How We Ship Strains
The CGSC generally distributes strains on sterile filter disks that have been impregnated with a small amount of glycerolized culture and wrapped in sterile foil.
Cultures distributed on filter disks
Cultures are viable in this state for approximately 12-15 days at room temperature, but we suggest that you culture the strains as soon as possible upon their arrival. If for some reason there is a delay in reviving the strains, the best way to preserve them is to store the wrapped filter disks at -80 deg. C until you can revive them.
To resuscitate the strain, aseptically place the disk onto a suitable agar plate (typically LB agar). Then rehydrate the disk with a drop of sterile LB broth and isolation streak out from the fluid surrounding the disk to obtain isolated colonies. The filter disk can be left on the plate during incubation. The resulting isolated colonies can then be screened to check their genetic markers and antibiotic resistance phenotypes.

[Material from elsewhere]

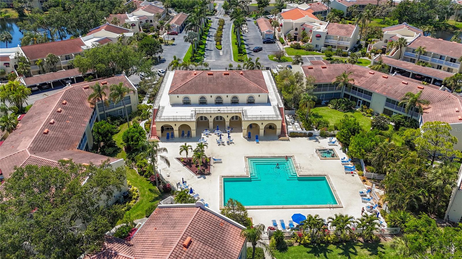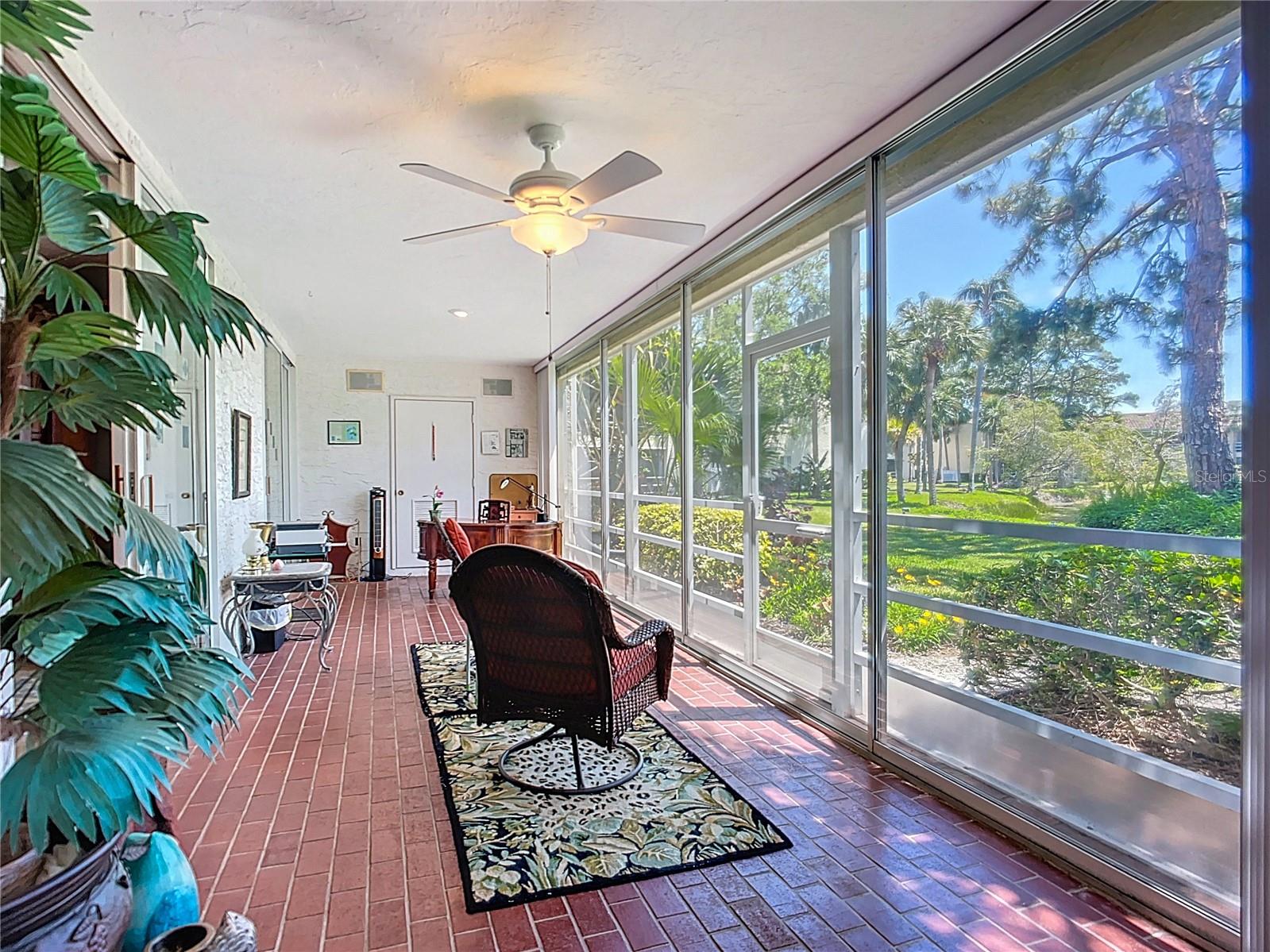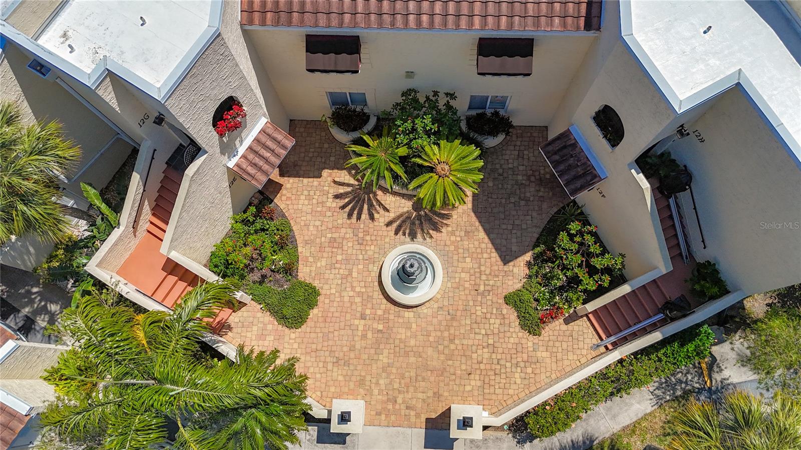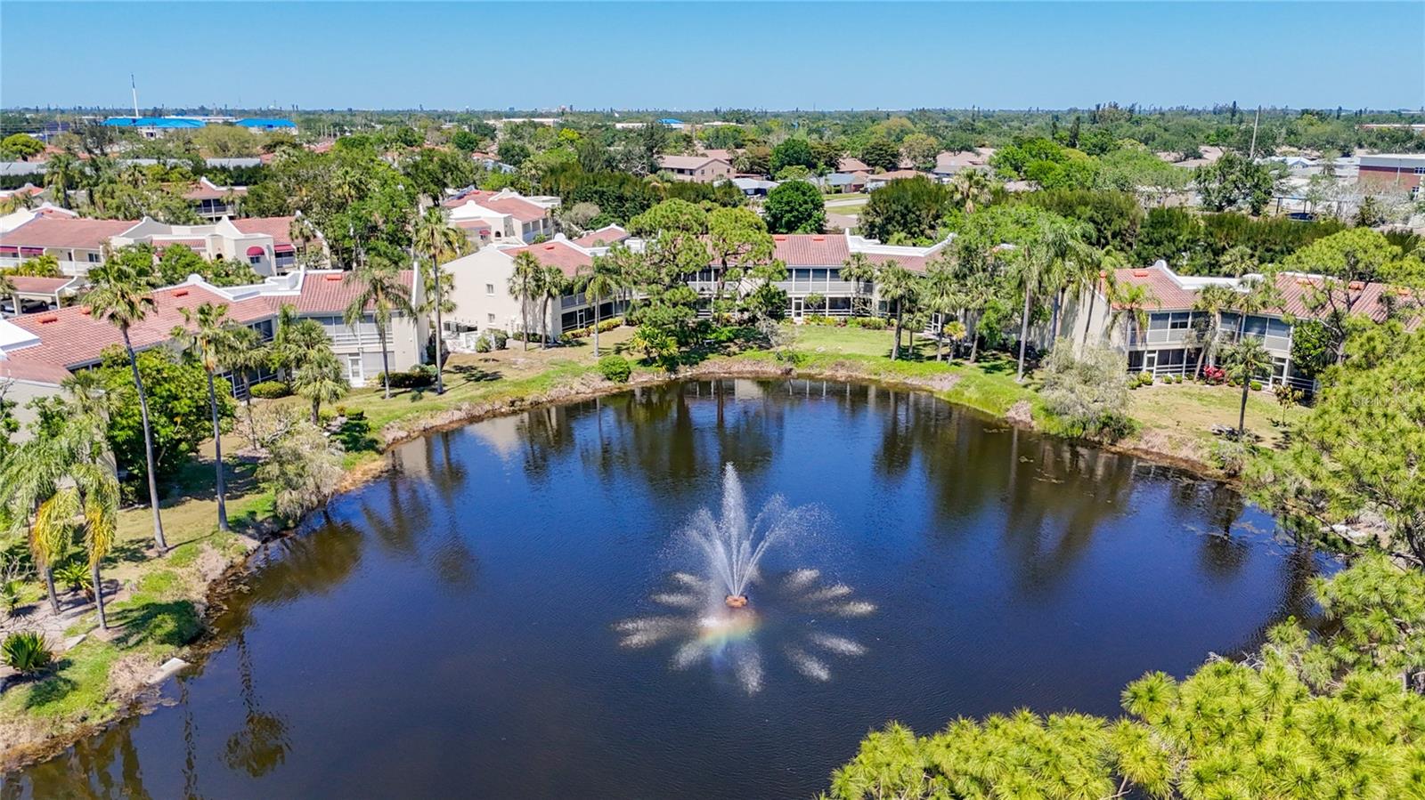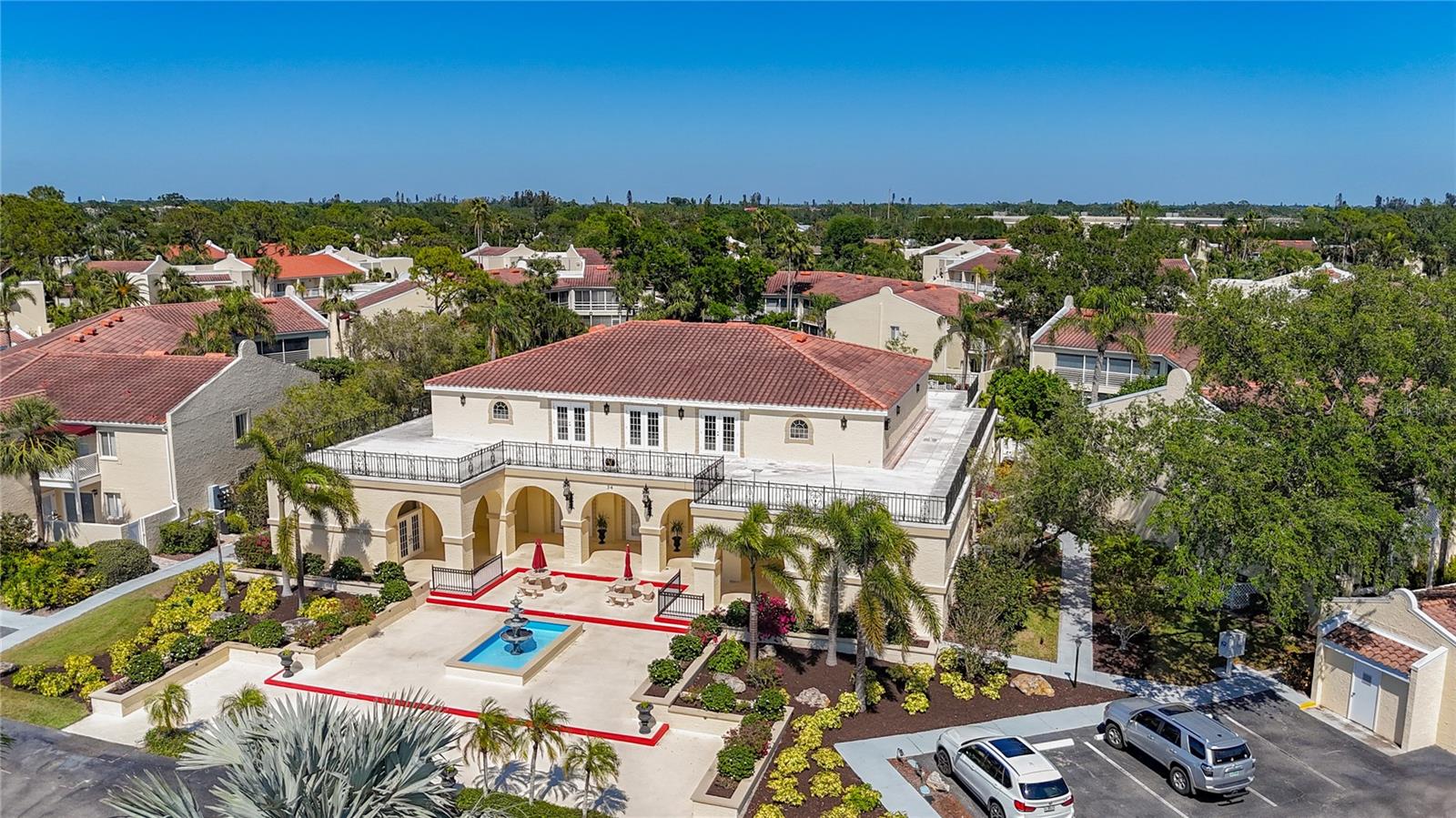 GROUND FLOOR, TURNKEY FURNISHED Spanish Mediterranean Gem with Stunning Courtyard Entry and POND VIEWS. Enter through a grand shared courtyard adorned with a water fountain, terra cotta brick pavers, and lush tropical landscaping--shared with only three other residences for an impressive sense of privacy and community. Experience the security and peace of mind that comes with living in a gated community--plus the added protection of a wrought iron gate before you even reach your front door. Double entry doors open to a spacious interior featuring LUXURY VINYL PLANK flooring and elegant CROWN MOLDING THROUGHOUT, including all three bathrooms. Newly painted, the condo also boasts a newer water heater and appliances replaced within the past five years. Enjoy peaceful pond and fountain views from nearly every angle, especially from the expansive glass and screen-enclosed Florida room. This versatile space is perfect for entertaining with a built-in grill, wine cooler, and sink. Sliding doors from the living room, dining area, and primary bedroom seamlessly connect the indoor and outdoor living spaces. The kitchen is a chef's delight with an island counter, stone tile backsplash, barstool seating and a pass-through to the breakfast bar and dining area. The adjacent dining room features stylish white built-in cabinetry for extra storage. Enjoy abundant opportunities to embrace the outdoors with the primary suite bathrooms opening to a screened, brick-paved lanai and courtyard on one side, and sliding door access to the Florida room on the other. Inside, you'll find two spacious walk-in closets and the convenience of two separate bathrooms--one featuring a charming claw-foot tub and vanity, the other with a walk-in shower. The guest bedroom also enjoys private outdoor access through sliding glass doors that lead to its own covered lanai and courtyard. A nearby guest bathroom includes a shower for added comfort. The Florida room also includes a washer and dryer tucked away in a closet with a utility sink and added shelving. Vizcaya is an active and beautifully maintained gated community featuring an Olympic-sized heated pool and spa, a clubhouse, kitchen, card room, and meeting areas. On-site management adds to the convenience. Ideally situated near IMG Academy, Sarasota-Bradenton International Airport, State College of Florida, shopping, restaurants, Bradenton Beach, and Anna Maria Island. Being Sold As-Is. Furnishings can be removed if Buyer prefers.

Carefully unwrap filter disk
Using sterile forceps transfer disk to agar plate
Rehydrate filter disk with 1 drop of broth
Isolation streak from moisture around disk
Because the strains are shipped on filter disks rather than plates, tubes or vials, they are often packaged in an envelope rather than a box. This reduces shipping costs and also often prevents the strains from having long delivery delays clearing customs. Shipping strains on filter disks rather than stab cultures has also been shown to significantly reduce the incidence of spontaneous mutations during transit (1).
Depending on the number of strains being shipped and the shipping destination, strains may be mailed in any one of the three kinds of envelopes shown below:
It has always been our policy to replace, at no cost, any cultures that cannot be revived upon delivery.
1) Spira, B, R de Almeida Toledo, RP Maharjan, T Ferenci 2011. The uncertain consequences of transferring bacterial strains between laboratories - rpoS instability as an example. BMC Microbiol. 11:248-.